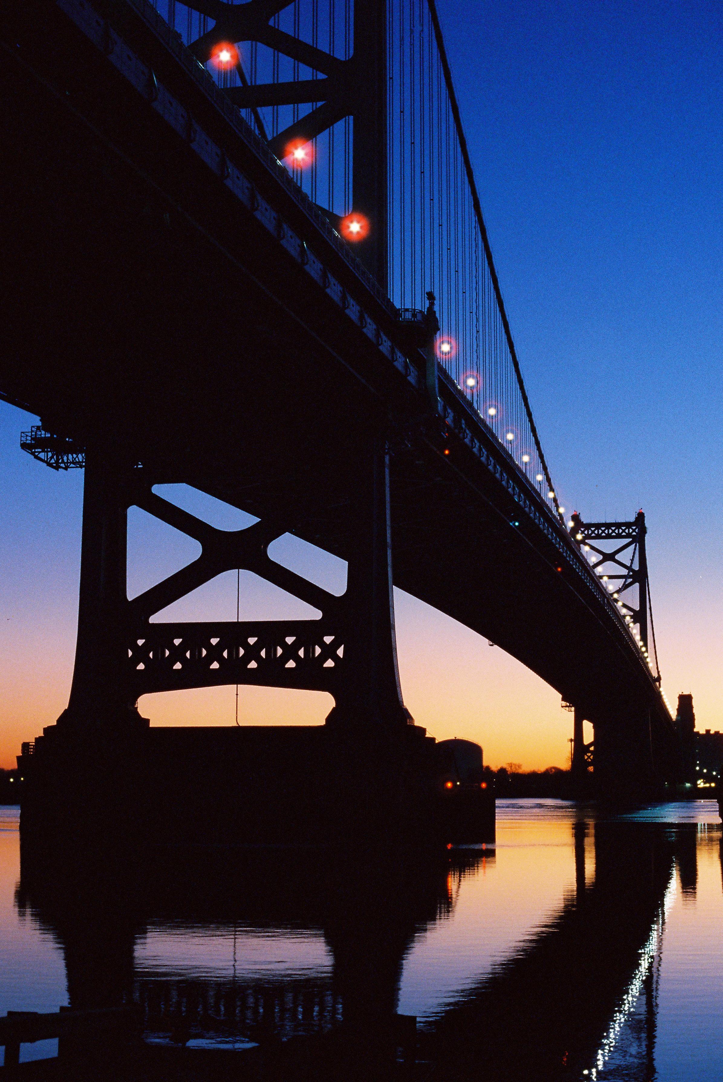 Ben Franklin Bridge - Olympus OM4T, Zuiko 50mm 3.5 & 28mm 2.8, Cinestill 800T
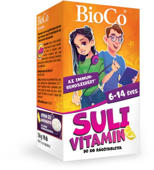 Vitaminokat és szerves vegyületformájú ásványi anyagokat tartalmazó, citrom ízű étrend-kiegészítő rágótabletta cukorral és édesítőszerekkelA BioCo® SULI vitamin iskolás korú, 6-14 éves gyermekek számára készült, természetes aromával és 6 féle hatóanyaggal. A készítmény tartalmazza a gyermekek szellemi (kognitív) képességének fejlődéséhez szükséges vasat,
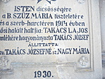 ISTEN dicsőségére a B.SZŰZ MÁRIA tiszteletére és a szerb harctéren 1914 évben hősi halált halt fia: TAKÁCS LAJOS emlékére hagyományozta TAKÁCS JÓZSEF
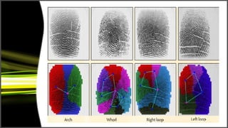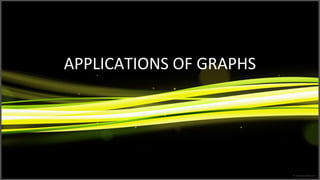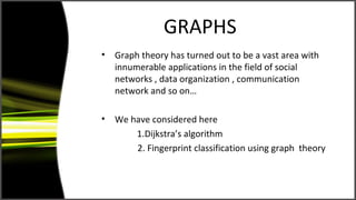 Graph theory has many applications including social networks, data organization, and communication networks. The document discusses Dijkstra's algorithm for finding the shortest path between nodes in a graph and its application to finding shortest routes between cities. It also discusses using graph representations for fingerprint classification, where fingerprints are modeled as graphs with nodes for fingerprint regions and edges between adjacent regions. Fingerprints are classified based on the structure of these graphs and compared to model graphs for matching.
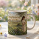 Celebrate the sweetness of spring with this tender children’s mug featuring a young girl holding a soft brown bunny in a blooming meadow. Filled with daisies, primroses, and pastel blossoms, the scene captures the joy and renewal of Easter in a gentle, storybook style.
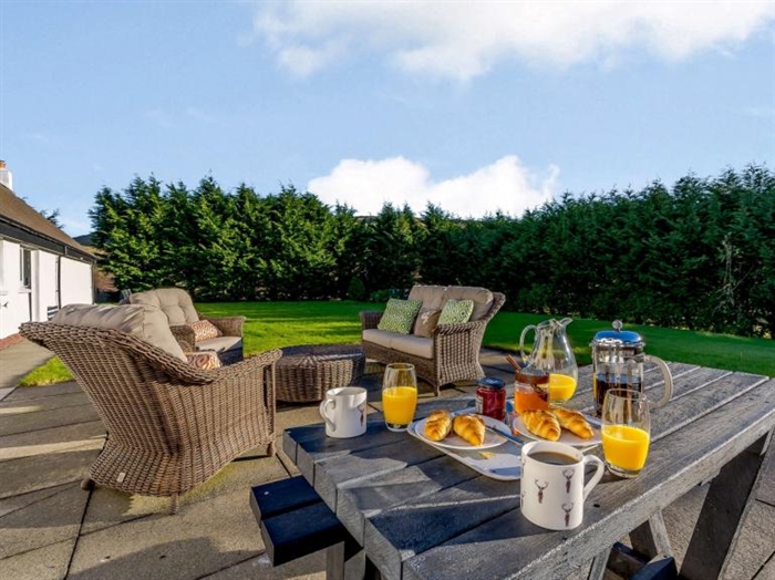 Venturing outside, the spacious wrap-around garden is located amid 400 acres of private grounds. Relax and unwind in the fantastic hot tub and admire the lovely views. There are also comfortable seating areas to enjoy al fresco dining or lazy evenings stargazing. Newly added is a large children's play area within the private grounds, perfect for your family getaway. A long, private tarmac drive, giving guests plenty of parking within the grounds, is available directly in front of the property.

● ● ● ●

• PROBLEM TO SOLVE: Leaving every picture aside, reproduce exactly the lines above from the one with "Graph theory has" up to and including the one with "Celebrate the sweetness", and no others.

• OUTPUT FOR THIS TASK:
 Graph theory has many applications including social networks, data organization, and communication networks. The document discusses Dijkstra's algorithm for finding the shortest path between nodes in a graph and its application to finding shortest routes between cities. It also discusses using graph representations for fingerprint classification, where fingerprints are modeled as graphs with nodes for fingerprint regions and edges between adjacent regions. Fingerprints are classified based on the structure of these graphs and compared to model graphs for matching.
 Celebrate the sweetness of spring with this tender children’s mug featuring a young girl holding a soft brown bunny in a blooming meadow. Filled with daisies, primroses, and pastel blossoms, the scene captures the joy and renewal of Easter in a gentle, storybook style.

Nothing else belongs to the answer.